◆ **Exercise objective**: Exactly as written, retype the listing below, omitting the pictures.
▼▼▼
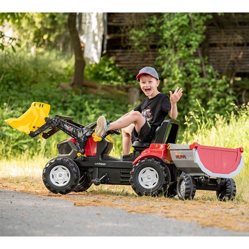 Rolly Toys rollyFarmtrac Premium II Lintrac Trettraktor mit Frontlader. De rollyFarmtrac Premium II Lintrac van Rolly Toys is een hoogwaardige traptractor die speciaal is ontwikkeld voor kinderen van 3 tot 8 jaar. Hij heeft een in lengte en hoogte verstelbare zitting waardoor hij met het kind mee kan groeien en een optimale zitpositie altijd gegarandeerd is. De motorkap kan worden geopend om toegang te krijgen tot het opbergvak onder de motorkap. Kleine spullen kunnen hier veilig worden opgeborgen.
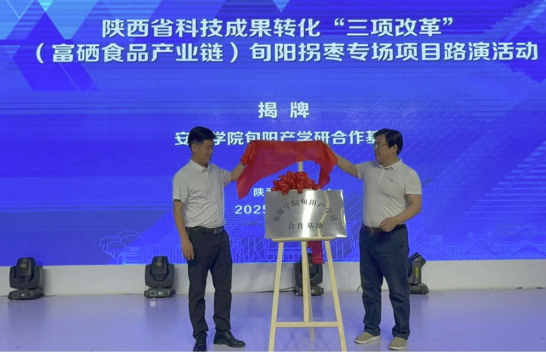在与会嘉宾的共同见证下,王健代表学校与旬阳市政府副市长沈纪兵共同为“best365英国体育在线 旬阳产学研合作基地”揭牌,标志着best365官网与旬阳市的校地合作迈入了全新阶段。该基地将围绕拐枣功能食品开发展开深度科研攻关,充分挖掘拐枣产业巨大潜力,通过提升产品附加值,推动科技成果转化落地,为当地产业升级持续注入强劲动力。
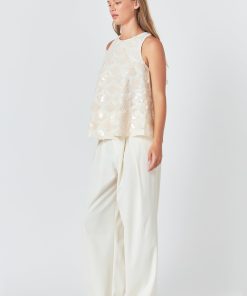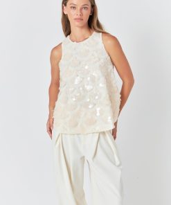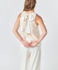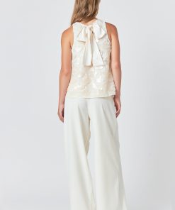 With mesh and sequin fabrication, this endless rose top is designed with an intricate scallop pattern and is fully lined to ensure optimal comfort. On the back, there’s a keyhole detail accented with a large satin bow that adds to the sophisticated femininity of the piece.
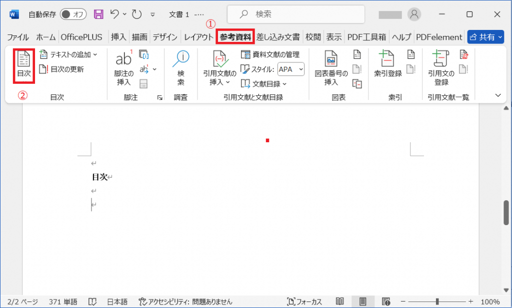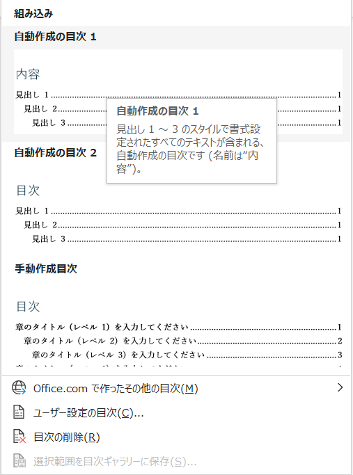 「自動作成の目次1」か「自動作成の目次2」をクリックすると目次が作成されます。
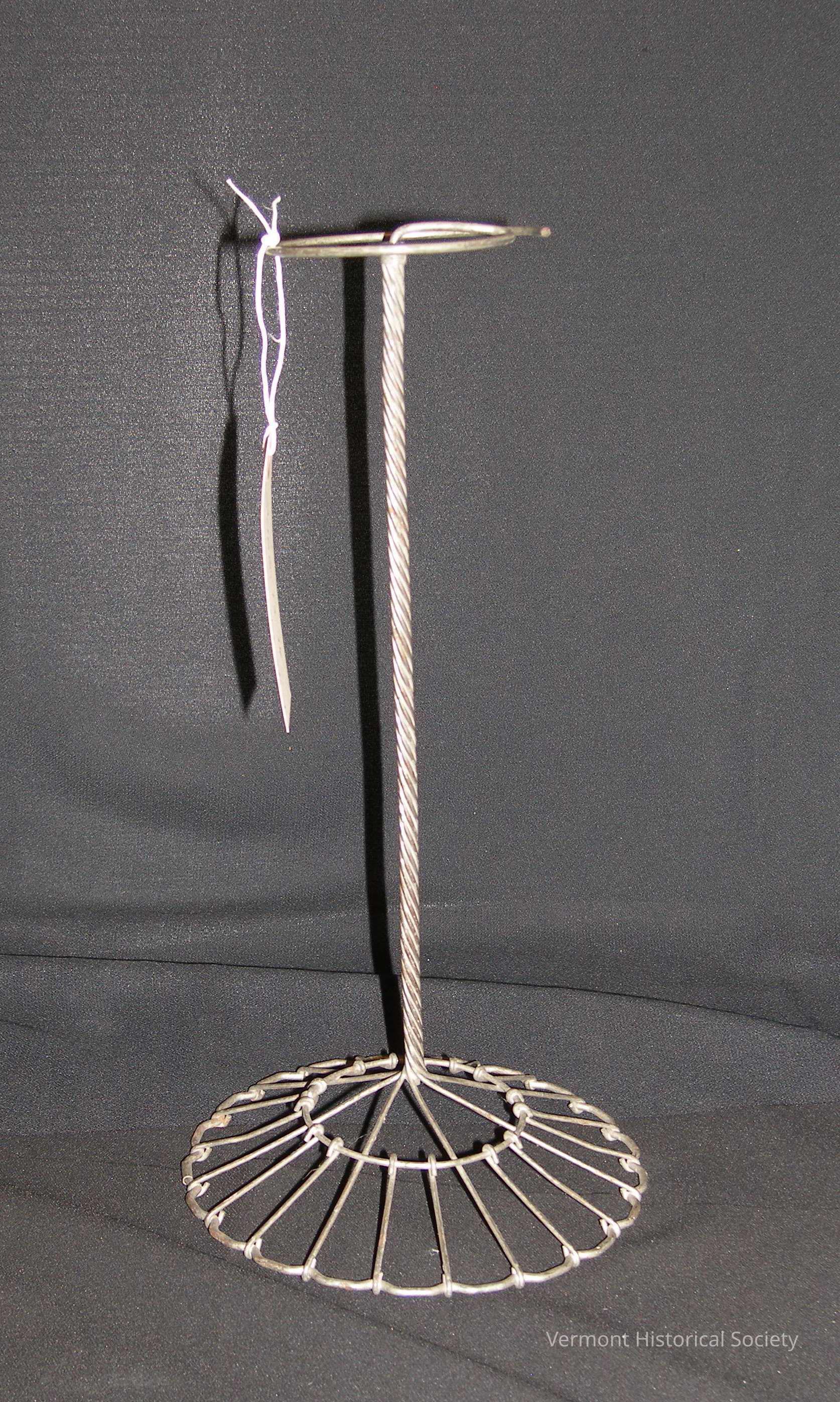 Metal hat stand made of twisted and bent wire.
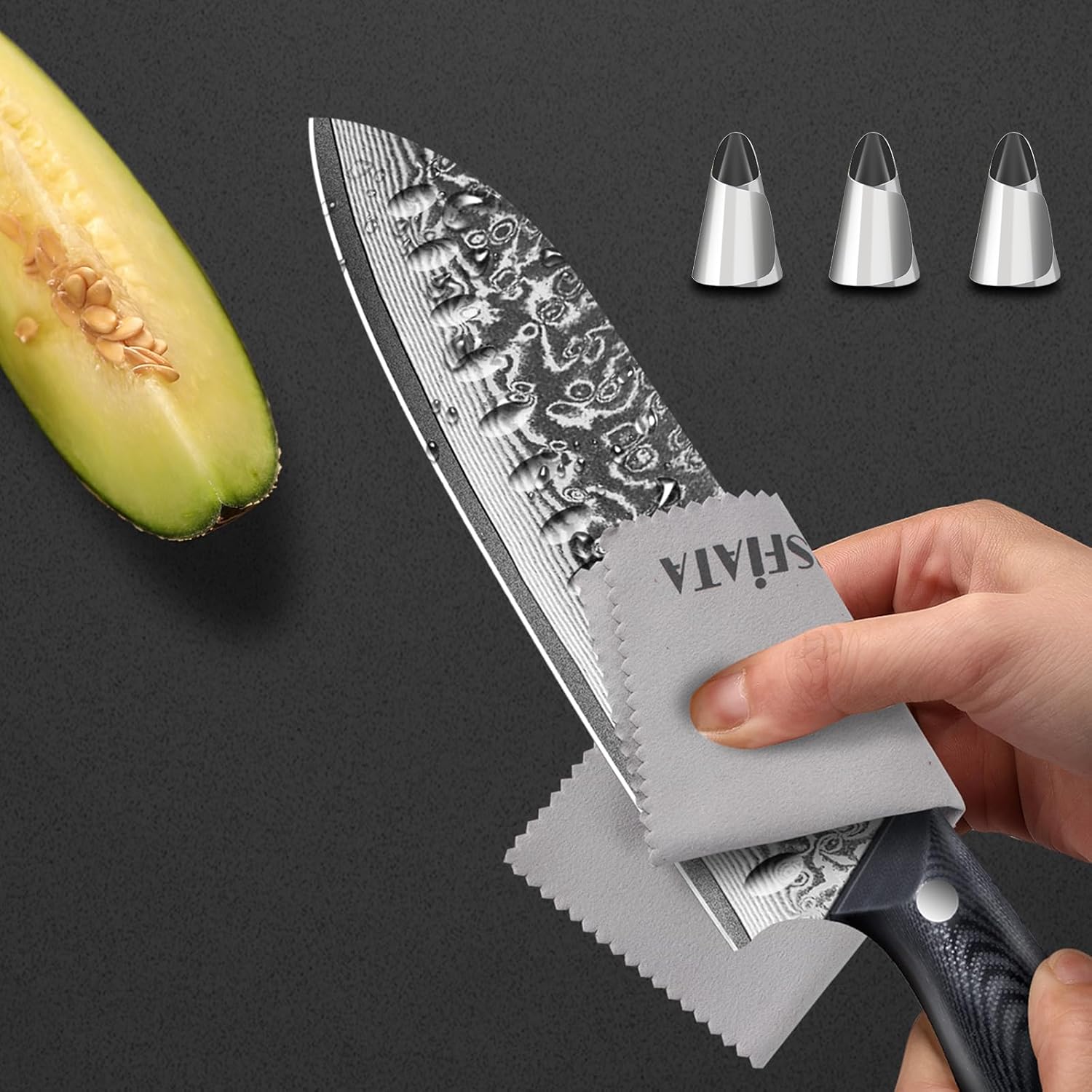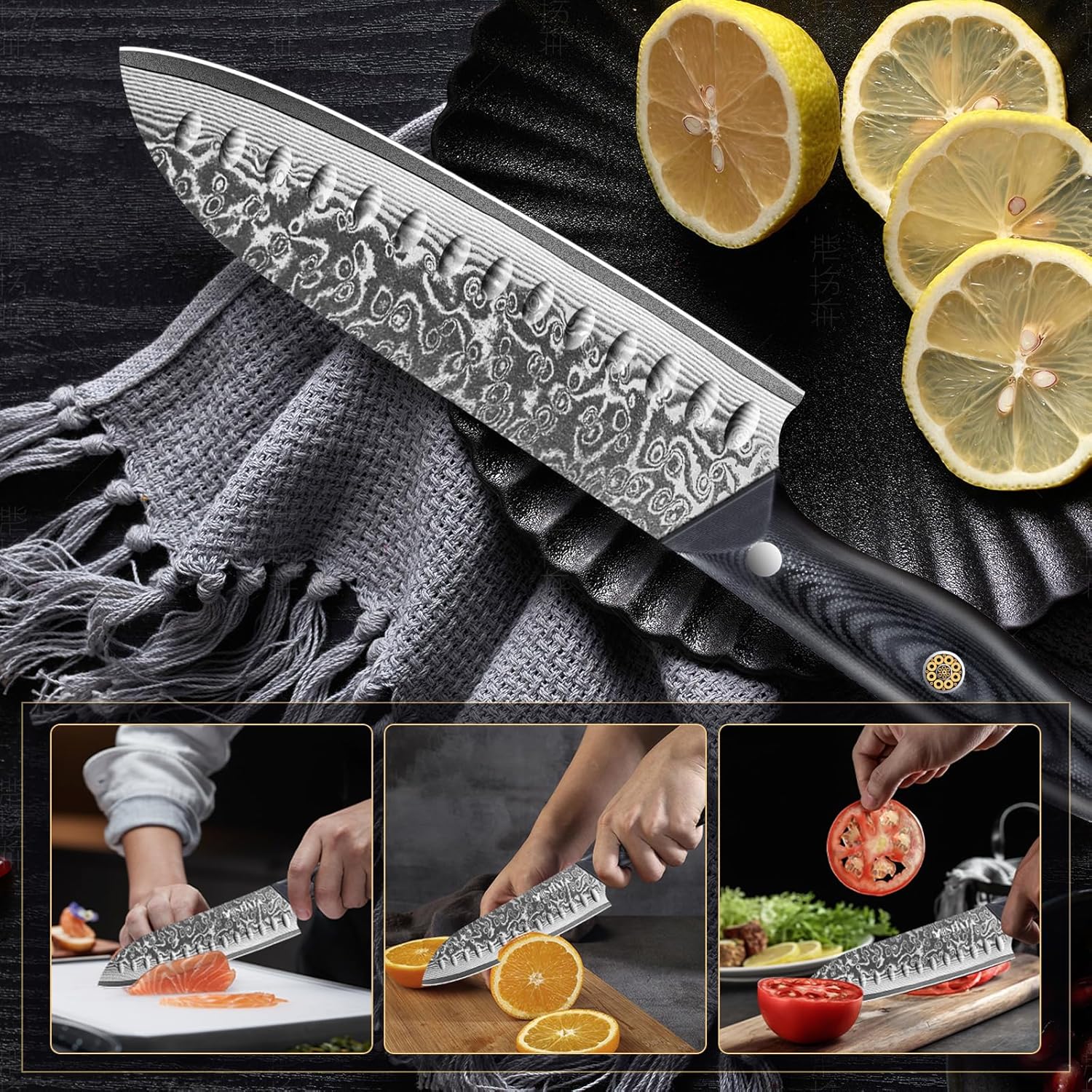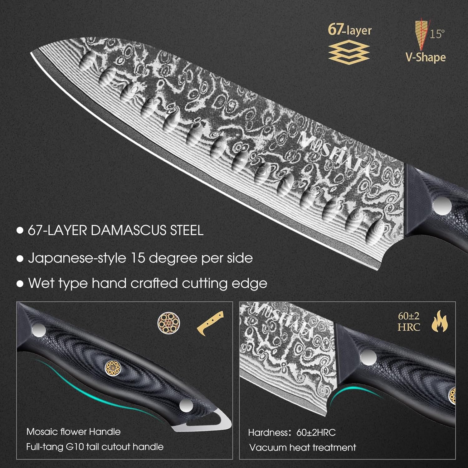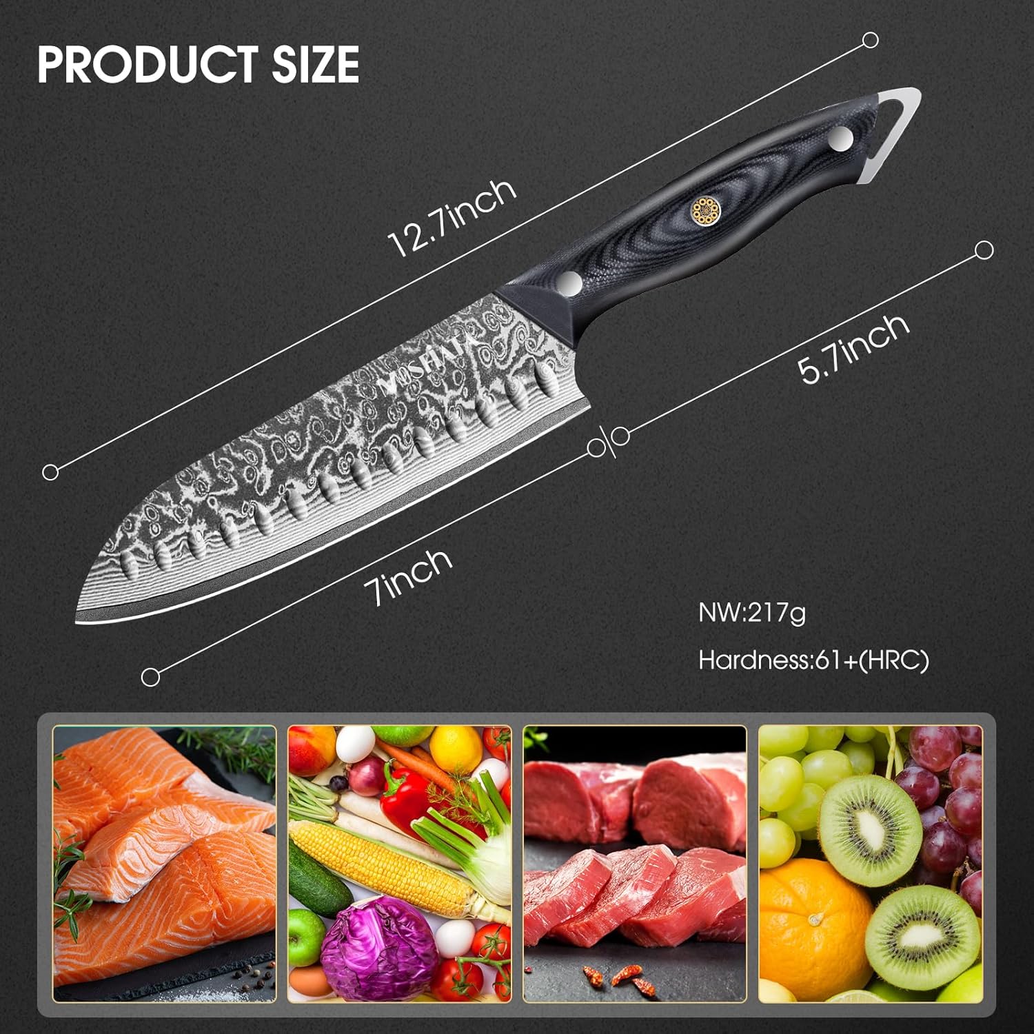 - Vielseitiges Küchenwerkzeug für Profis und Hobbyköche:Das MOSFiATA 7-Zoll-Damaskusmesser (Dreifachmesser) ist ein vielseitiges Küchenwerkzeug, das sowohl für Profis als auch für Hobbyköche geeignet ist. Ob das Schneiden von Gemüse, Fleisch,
▲▲▲
◆ **Solution to this exercise**:
 Rolly Toys rollyFarmtrac Premium II Lintrac Trettraktor mit Frontlader. De rollyFarmtrac Premium II Lintrac van Rolly Toys is een hoogwaardige traptractor die speciaal is ontwikkeld voor kinderen van 3 tot 8 jaar. Hij heeft een in lengte en hoogte verstelbare zitting waardoor hij met het kind mee kan groeien en een optimale zitpositie altijd gegarandeerd is. De motorkap kan worden geopend om toegang te krijgen tot het opbergvak onder de motorkap. Kleine spullen kunnen hier veilig worden opgeborgen.
在与会嘉宾的共同见证下,王健代表学校与旬阳市政府副市长沈纪兵共同为“best365英国体育在线 旬阳产学研合作基地”揭牌,标志着best365官网与旬阳市的校地合作迈入了全新阶段。该基地将围绕拐枣功能食品开发展开深度科研攻关,充分挖掘拐枣产业巨大潜力,通过提升产品附加值,推动科技成果转化落地,为当地产业升级持续注入强劲动力。
 With mesh and sequin fabrication, this endless rose top is designed with an intricate scallop pattern and is fully lined to ensure optimal comfort. On the back, there’s a keyhole detail accented with a large satin bow that adds to the sophisticated femininity of the piece.
 「自動作成の目次1」か「自動作成の目次2」をクリックすると目次が作成されます。
 Metal hat stand made of twisted and bent wire.
 - Vielseitiges Küchenwerkzeug für Profis und Hobbyköche:Das MOSFiATA 7-Zoll-Damaskusmesser (Dreifachmesser) ist ein vielseitiges Küchenwerkzeug, das sowohl für Profis als auch für Hobbyköche geeignet ist. Ob das Schneiden von Gemüse, Fleisch,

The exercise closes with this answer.